Liguria

Sottopasso di via Brin allagato, esplode la polemica. Ferrante: “Acqua defluita in 10 minuti come previsto”

Genova. Dopo la notte di maltempo a Genova scoppia la polemica sul sottopasso di via Brin, temporaneamente chiuso per allagamento come segnalato dalla polizia locale, anche attraverso il canale Telegram Genova Alert.

Da una foto giunta alla redazione di Genova24 risulta in effetti uno strato d’acqua di qualche centimetro nel sottopasso, che – secondo quanto riferito dalla centrale operativa della polizia locale – sarebbe stato riaperto al traffico nel giro di mezz’ora, mentre in passato servivano anche diverse ore per ripristinare il transito veicolare.

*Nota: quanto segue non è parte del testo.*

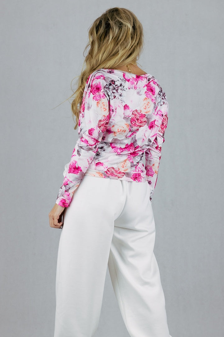 Bluzka w kwiaty 3D z dekoltem "łódka"

A giugno il Comune aveva annunciato la risoluzione definitiva del problema pluridecennale che causava l’accumulo d’acqua in caso di forti piogge. Oltre i lavori di pulizia che avevano portato alla rimozione di 500 tonnellate di materiali accumulati negli anni, Rfi e Cociv avevano sgomberato il rio Bercilli e la relativa roggia, mentre Autostrade aveva ripristinato l’imbrigliatura del rio Zella con un sistema di griglie in modo da scongiurare l’afflusso di nuovi sedimenti. Così erano stati eseguiti con successo i test di allagamento e la sindaca Silvia Salis aveva firmato l’ordinanza che revocava la chiusura automatica del sottopasso già in allerta gialla, limitando il provvedimento alla sola allerta rossa.

“Esprimiamo forte rammarico nell’apprendere che, con il maltempo di ieri, il sottopasso di Brin sia stato nuovamente interdetto al transito in presenza di un’allerta meteo gialla – attaccano i consiglieri comunali della Lega Alessio Bevilacqua e Paola Bordilli -. A giugno il sindaco Salis aveva annunciato in pompa magna il superamento della chiusura in caso di allerta gialla, rassicurando la cittadinanza sul fatto che le misure adottate avrebbero limitato le chiusure al solo scenario di allerta rossa. C’è rammarico nel constatare come gli interventi annunciati non abbiano trovato riscontro nei fatti. Purtroppo si conferma un’impostazione dell’amministrazione sbilanciata sulla narrazione e sugli annunci comunicativi, a discapito della concreta e preventiva risoluzione delle criticità del territorio. Si cancellano ordinanze in favore di annunci stampa, sbandierando risultati e la risoluzione di problemi storici che, alla prova dei fatti, vengono puntualmente smentiti. Chiediamo maggiore serietà. Torneremo sul tema anche attraverso appositi atti consiliari”.

Finalmente dopo lustri si risolve in maniera definitiva l’allagamento del sottopasso Brin, aveva dichiarato l’assessore Ferrante lo scorso 9 giugno, ma quanto successo questa notte smentisce ancora una volta la narrazione faziosa della giunta Salis – aggiunge Alessandra Bianchi, capogruppo di Fratelli d’Italia a Tursi -. Siamo ovviamente contenti che il sottopassaggio sia stato poi riaperto e non ci siano state conseguenze che sarebbero potute essere catastrofiche, ma non è accettabile che questa amministrazione continui a prendere in giro con roboanti annunci che si sgretolano di fronte alla realtà ed agli avvenimenti. Con il prolungamento dell’allerta meteo per tutta la giornata odierna confidiamo in un atteggiamento più responsabile di questa giunta a partire proprio dall’assessore competente”.

Prova allagamento sottopasso Brin

Immediata la replica dell’assessore ai Lavori pubblici e alla Protezione civile Massimo Ferrante: “Viste le solite pretestuose polemiche di chi non ha risolto il problema in ben otto anni, informo che stanotte nel sottopasso di Brin sono regolarmente defluiti quasi 100 millimetri di pioggia in pochi minuti, esattamente come ci aspettavamo, tanto è vero che non è stato neanche inserito nelle criticità del report mattutino della protezione civile”.

“Il sottopasso di Brin è una conca sotto il livello della strada – aggiunge Ferrante interpellato a Genova24 -. La polizia locale ha deciso di chiuderlo in via precauzionale appena ha visto l’acqua per verificare il deflusso, ma è normale che ci voglia un po’ di tempo prima che le caditoie possano scaricare. E infatti, come avevamo previsto, in dieci minuti l’acqua è defluita regolarmente e il sottopasso è stato riaperto. Questo era il primo test nella realtà ed è stato superato”.